The coalition achieved Hosokawa's goal of electoral reform, replacing the previous system of multi-member districts with a combined system of single-member districts, elected by first past the post, and blocs of proportional representation candidates. But having achieved this, and replaced the LDP, the unifying purpose of the coalition was lost and ideological differences between the parties, especially over tax and defence policy, began to split the cabinet.

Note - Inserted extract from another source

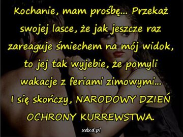 Kochanie, mam prośbę… Przekaż swojej lasce, że jak jeszcze raz zareaguje śmiechem na mój widok, to jej tak wyjebie, że pomyli wakacje z feriami zimowymi…...
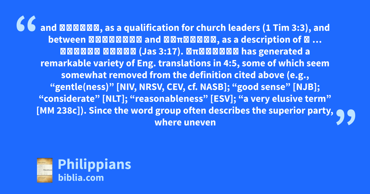 and ἄμαχον, as a qualification for church leaders (1 Tim 3:3), and between εἰρηνική and εὐπειθής, as a description of ἡ … ἄνωθεν σοφία (Jas 3:17). Ἐπιεικές has generated a remarkable variety of Eng. translations in 4:5, some of which seem somewhat removed from the definition cited above (e.g., “gentle(ness)” [NIV, NRSV, CEV, cf. NASB]; “good sense” [NJB]; “considerate” [NLT]; “reasonableness” [ESV]; “a very elusive term” [MM 238c]). Since the word group often describes the superior party, where uneven

Following revelations of a campaign finance scandal, Hosokawa announced his surprise resignation on April 8, 1994. After several weeks of negotiations, foreign minister Tsutomu Hata of the JRP became Prime Minister on April 28.

== Election of the prime minister ==

August 6, 1993 Absolute majority (256/511) required
House of Representatives
Choice: First Vote
Votes
Morihiro Hosokawa; 262 / 511
Yōhei Kōno; 224 / 511
Others and Abstentions (Including Speaker and Deputy); 25 / 511
Source

== Ministers ==

R = Member of the House of Representatives

C = Member of the House of Councillors

Cabinet of Morihiro Hosokawa from August 9, 1993, to April 28, 1994
| Portfolio | Minister |  |  | Term of Office |
| Prime Minister |  | Morihiro Hosokawa | R | August 9, 1993 – April 28, 1994 |
| Chief Cabinet Secretary |  | Masayoshi Takemura | R | August 9, 1993 – April 28, 1994 |
| Deputy Prime Minister Minister of Foreign Affairs |  | Tsutomu Hata | R | August 9, 1993 – April 28, 1994 |
| Minister of Justice |  | Akira Mikazuki | - | August 9, 1993 – April 28, 1994 |
| Minister of Finance |  | Hirohisa Fujii | R | August 9, 1993 – June 30, 1994 |
| Minister of Education |  | Ryōko Akamatsu | - | August 9, 1993 – June 30, 1994 |
| Minister of Health and Welfare |  | Keigo Ōuchi | R | August 9, 1993 – June 30, 1994 |
| Minister of Labour |  | Chikara Sakaguchi | R | August 9, 1993 – April 28, 1994 |
| Minister of Agriculture, Forestry and Fisheries |  | Eijiro Hata [ja] | R | August 9, 1993 – April 28, 1994 |
| Minister of International Trade and Industry |  | Hiroshi Kumagai | R | August 9, 1993 – April 28, 1994 |
| Minister of Transport |  | Shigeru Itō | R | August 9, 1993 – April 28, 1994 |
| Minister of Construction |  | Kozo Igarashi | R | August 9, 1993 – April 28, 1994 |
| Minister of Home Affairs Director of the National Public Safety Commission |  | Kanju Sato | R | August 9, 1993 – April 28, 1994 |
| Minister of Posts and Telecommunications |  | Takenori Kanzaki | R | August 9, 1993 – April 28, 1994 |
| Director of the Management and Coordination Agency |  | Koshiro Ishida | R | August 9, 1993 – June 30, 1994 |
| Director of the Japan Defense Agency |  | Keisuke Nakanishi | R | August 9, 1993 – December 1, 1993 |
|  | Kazuo Aichi | R | December 1, 1993 – April 28, 1994 |
| Director of the National Land Agency Director of the Hokkaido Development Agency Director of the Okinawa Development Agency Development, |  | Kosuke Uehara | R | August 9, 1993 – April 28, 1994 |
| Director of the Economic Planning Agency |  | Manae Kubota | C | August 9, 1993 – April 28, 1994 |
| Director of the Environment Agency |  | Wakako Hironaka | C | August 9, 1993 – April 28, 1994 |
| Director of the Science and Technology Agency |  | Satsuki Eda | R | August 9, 1993 – April 28, 1994 |
| Minister of State (in charge of political reform) |  | Sadao Yamahana | R | August 9, 1993 – April 28, 1994 |
| Deputy Chief Cabinet Secretary (for Political Affairs) |  | Yukio Hatoyama | R | August 9, 1993 – April 28, 1994 |
| Deputy Chief Cabinet Secretary (for Administrative Affairs) |  | Nobuo Ishihara [ja] | - | August 9, 1993 – April 28, 1994 |

=== Changes ===

- December 1 – Defence Minister Keisuke Nakanishi resigned over controversial remarks he made related to Japan's pacifist constitution, and was replaced by Kazuo Aichi.